The hike into Greeley Ponds was a flat example of White Mountains awesomeness with plenty of snow and a light snow falling. It was one of those days when tree branches are full of snow and everything looks like a perfect winter scene from a postcard. The trail was well packed and we probably didn’t need snowshoes but we wore them anyways since it was better than carrying them.

The first 1.3 miles flew by and we reached the junction with Mount Osceola looming in the background.  From here we decided to set up camp and then plot our next move.

It was not hard to find a perfect tent site. We quickly made camp and stowed our overnight gear in the tents to lighten our packs.

Now we faced the tough choice of deciding what to do next. The weather was stable with occasional wind gusts. We had Mount Osceola a few miles away and several interesting slides that were visible from camp.

We all agreed that we wanted to climb something steep so we picked the closest slide and went for it.

This slide was at least a mile off of the trail so we had to pick a line and bushwhack uphill through a dense pine forest.

The tree cover got progressively thicker and steeper.

Then we suddenly emerged right at the base of the open slide we had viewed from camp; our line was perfect. The slide looked about as steep as the Tripyramid Slide so we decided to climb as two rope teams. This might not have been necessary but it was great practice.

As we moved onto the climb the wind gusts became sustained strong winds with blowing snow which certainly added to the fun.  We climbed in a zig-zag pattern with frequent breaks to evaluate our situation.

Climbing on the snowfield felt like being on Mount Rainier or in Tuckerman’s Ravine and it was even more awesome because we had it all to ourselves. Who knows who the last person to climb here was? Seriously though let me know if you know the answer to that!

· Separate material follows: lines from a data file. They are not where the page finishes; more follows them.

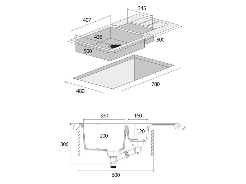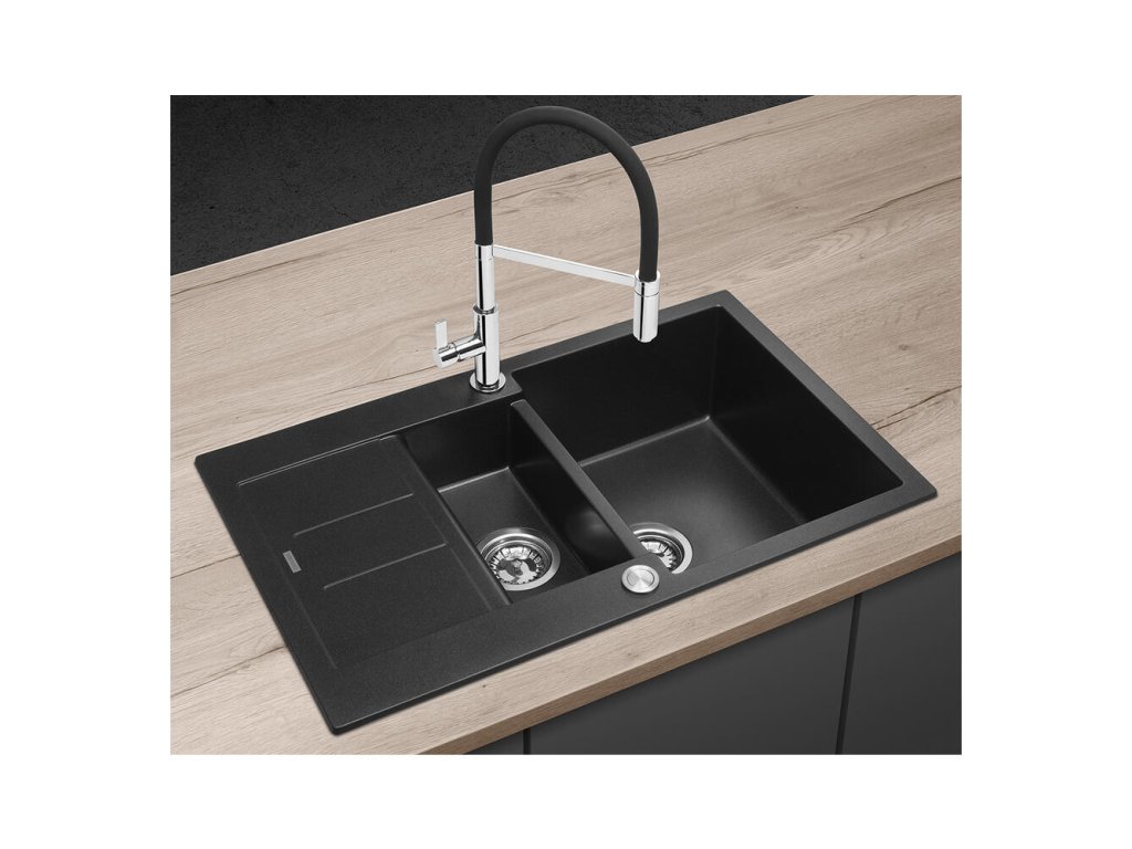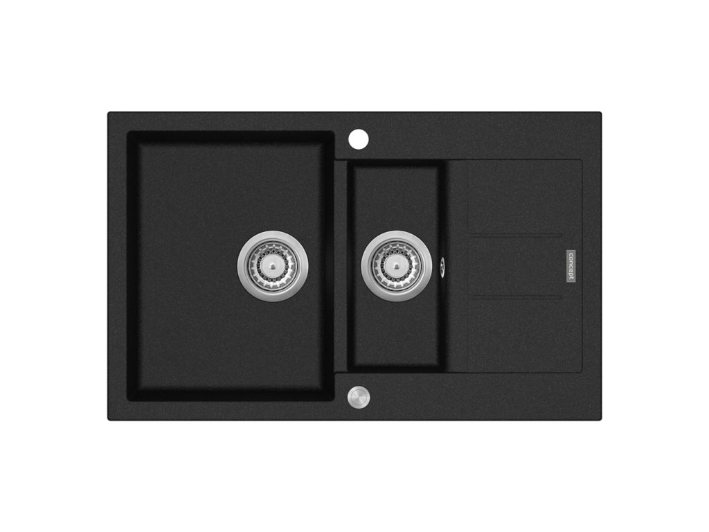 Granitový drez s odkvapom čiernej farby. Rozmery (d x š x h): 500 x 780 x 306 mm
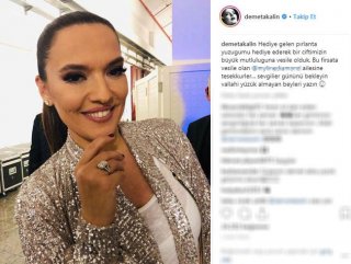 Instagram hesabından pırlanta yüzükle çekilen fotoğrafını paylaşan Demet Akalın, 'Hediye gelen pırlanta yüzüğümü hediye ederek, bir çiftimizin büyük mutluluğuna vesile olduk. Sevgililer gününü bekleyin vallahi yüzük almayan beyleri yazın' notunu düştü.
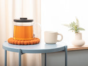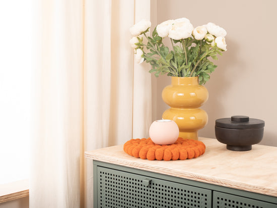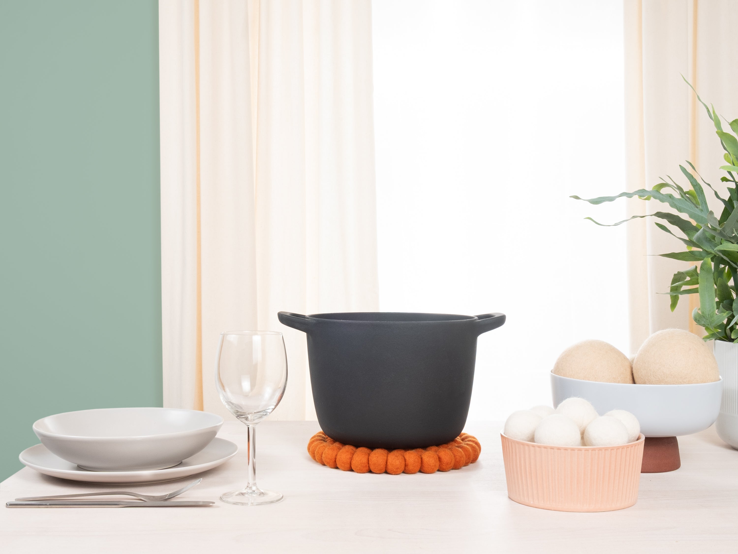 Okrągła, pomarańczowa podstawka pod garnek z czystej wełny dziewiczej | myfelt

Finally we reached a cliff that we were not prepared to climb and we knew it was time to turn back.

The trip down was even more intense than the ascent since it required complete focus to avoid falling but we found ourselves at the base of the slide very quickly.

From there we followed our footsteps back through the dense forest and back to the trail. We got an awesome view of the slide we had just climbed as we passed Greeley Pond on the way back to camp.
It was only 5 pm at that point but we settled into camp, had a hot meal and went to bed super early.

The next morning we woke up, packed up camp and made the easy trek back to the cars.

This adventure certainly was not what we had in mind for the weekend but now that it is done I wouldn’t have wanted it to work out any other way!

I should note that if you do plan to seek an off trail adventure please know what you are doing! Have a map, a compass and know how to use them. Hiking off trail is only awesome if you can safely navigate your way back.